Methimazole (Tapazole)

Actively transported in thyroid gland and inhibits thyroid synthesis by preventing oxidation of trapped iodine. Ten times more potent than PTU, and once-a-day dose is effective. Euthyroid state is achieved in 4-6 wk, and maintenance treatment continued for 12-24 mo. Relapse may be observed 1-6 mo after stopping therapy, occasionally later.

Less desirable than propylthiouracil in pregnancy and lactation but may be used if propylthiouracil cannot be used.

Potassium iodide (Pima, Thyro-Block)

Inhibits thyroid hormone secretion. Contains 8 mg of iodide per gtt. May be mixed with juice or water for intake.

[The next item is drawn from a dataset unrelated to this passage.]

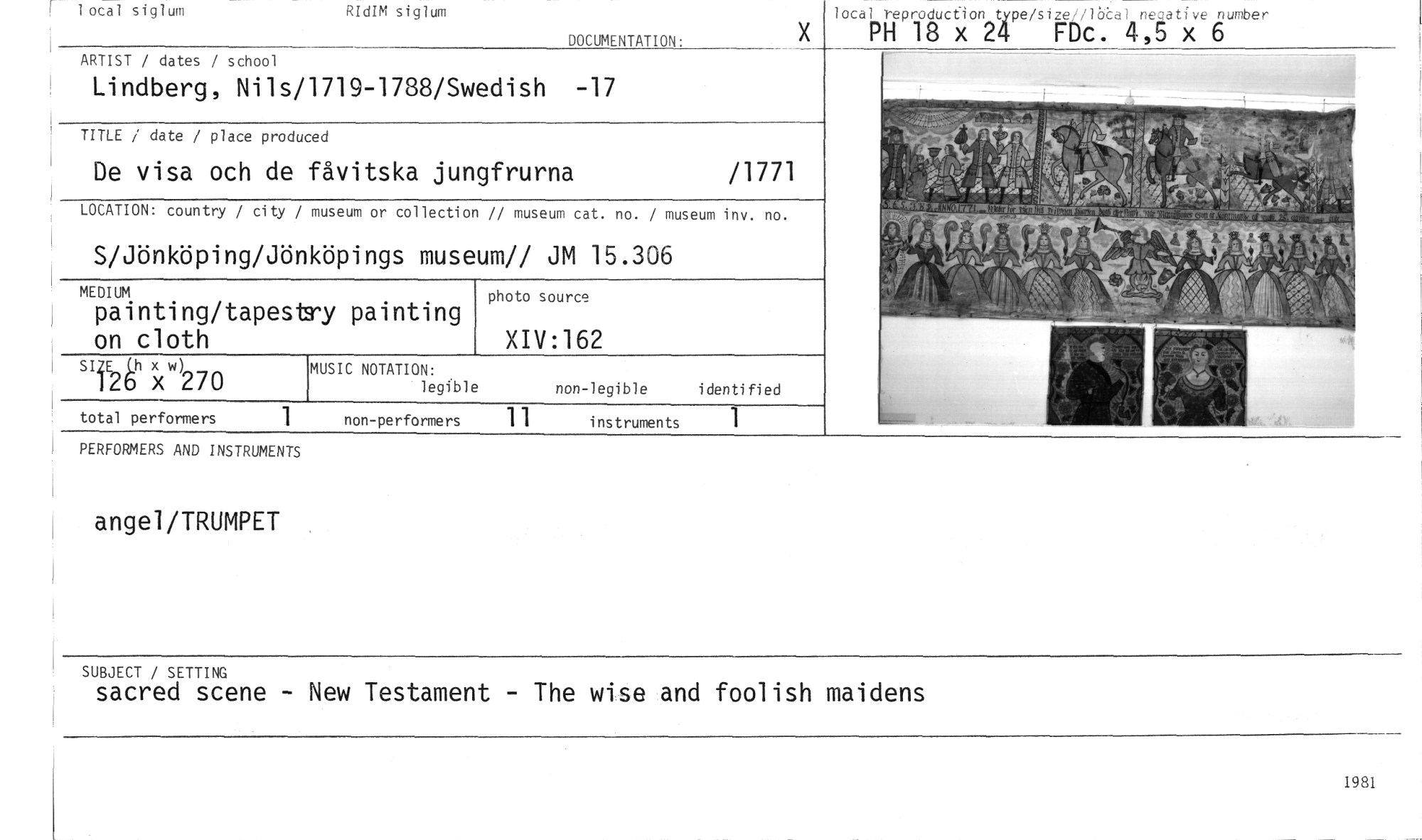 //// lotal reproduction peisize//lbCal negative nurober //// PH 18 x 2t FDc. 4,5 x 6 //// 1 ocal siglum RIdIM siglum DOCUMENTATION: //// ARTIST / lates / school //// Lindberg, Nils/1719-1788/Swedish -17 //// TITLE i date / place produced //// De visa och de fåvitska jungfrurna /1771 //// LOCATION: country / city / museum or collection // museum cat. no. / museum inv. no. //// S/Jönköping/Jönköpings museum// JM 15.306 //// MEDIUM //// painting/tapestry painting on cloth //// SIZE_ Ch x ) //// 126 xw270 //// photo source //// Å //// total performers 1 non-performers 1 1 instruments 1 //// PERFORMERS AND INSTRUMENTS //// angel/TRUMPET //// SUBJECT / SETTING //// sacred scene - New Testament - The wise and foolish maidens //// 1981 ////

May decrease thyroid gland secretion and vascularity for a short time, such as 2 wk; may be used in severe cases of hyperthyroidism, such as thyroid storm, or to prepare patient for thyroidectomy

Supersaturated potassium iodide (SSKI)

Contains 50 mg of iodide per drop. May be mixed with juice or water for ingestion. Inhibits thyroid hormone release.

Class Summary

These agents have profound and varied metabolic effects.

Dexamethasone (Decadron)

Steroids block peripheral conversion of T4 to T3. Used as adjunct in management of thyroid storm and symptomatic progressive Graves ophthalmopathy.

Class Summary

These agents are used to destroy thyroid cells.

Radioiodine (I-131)

Agent of choice because it is selectively taken up by the thyroid gland. Causes dysfunction or death of thyroid cells over time. Long-term experience suggests good safety profile.

Class Summary

Relief of adrenergic symptoms, especially cardiac and neurologic. Propranolol blocks peripheral conversion of T4 to T3, but this is of unknown clinical significance.

Propanolol (Inderal)

Nonselective beta-adrenergic receptor blocker. Also blocks peripheral conversion of T4 to T3. Used along with antithyroid drugs, before and after radioiodine treatment. Useful in thyroid crisis/storm, or in cardiac complications such as atrial fibrillation. Oral or intravenous use controls cardiac and psychomotor manifestations within minutes. Continue until euthyroid state is achieved.